Task to complete -
Go through the listing below and repeat it exactly, dropping the pictures.

Available data -
▶
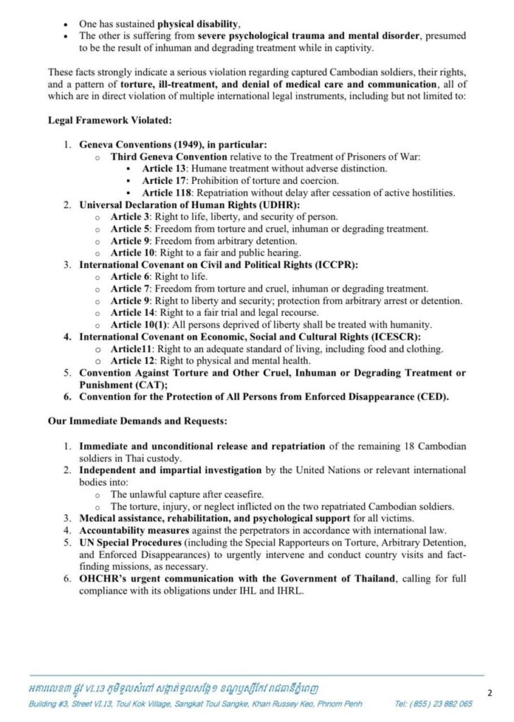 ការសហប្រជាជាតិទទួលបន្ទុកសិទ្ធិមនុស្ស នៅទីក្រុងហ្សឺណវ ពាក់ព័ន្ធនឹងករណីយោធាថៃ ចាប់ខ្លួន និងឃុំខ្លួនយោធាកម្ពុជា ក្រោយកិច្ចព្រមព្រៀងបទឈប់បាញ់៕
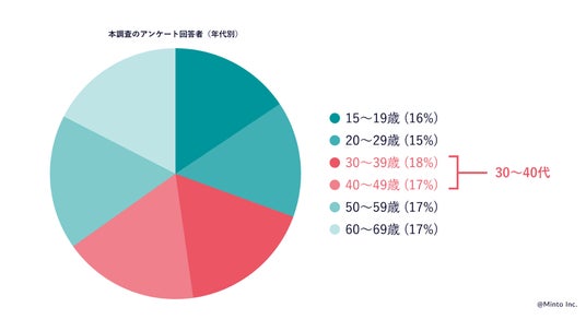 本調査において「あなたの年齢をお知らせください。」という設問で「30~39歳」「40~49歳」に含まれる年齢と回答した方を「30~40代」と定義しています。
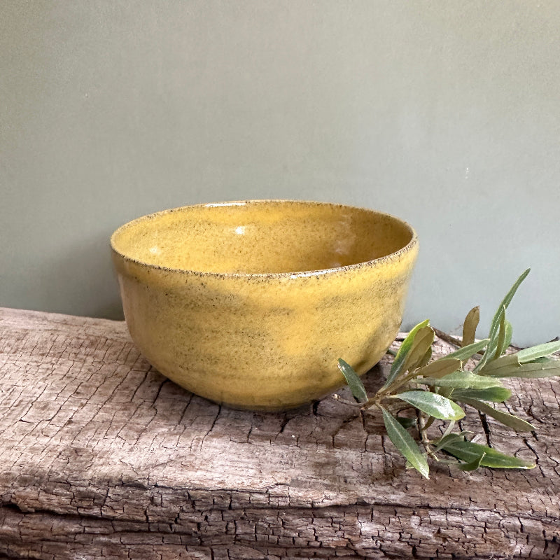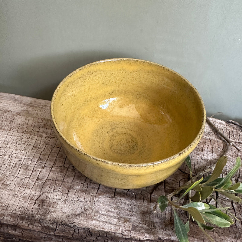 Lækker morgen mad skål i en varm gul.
◀
Exercise output -
 ការសហប្រជាជាតិទទួលបន្ទុកសិទ្ធិមនុស្ស នៅទីក្រុងហ្សឺណវ ពាក់ព័ន្ធនឹងករណីយោធាថៃ ចាប់ខ្លួន និងឃុំខ្លួនយោធាកម្ពុជា ក្រោយកិច្ចព្រមព្រៀងបទឈប់បាញ់៕
 本調査において「あなたの年齢をお知らせください。」という設問で「30~39歳」「40~49歳」に含まれる年齢と回答した方を「30~40代」と定義しています。
 Lækker morgen mad skål i en varm gul.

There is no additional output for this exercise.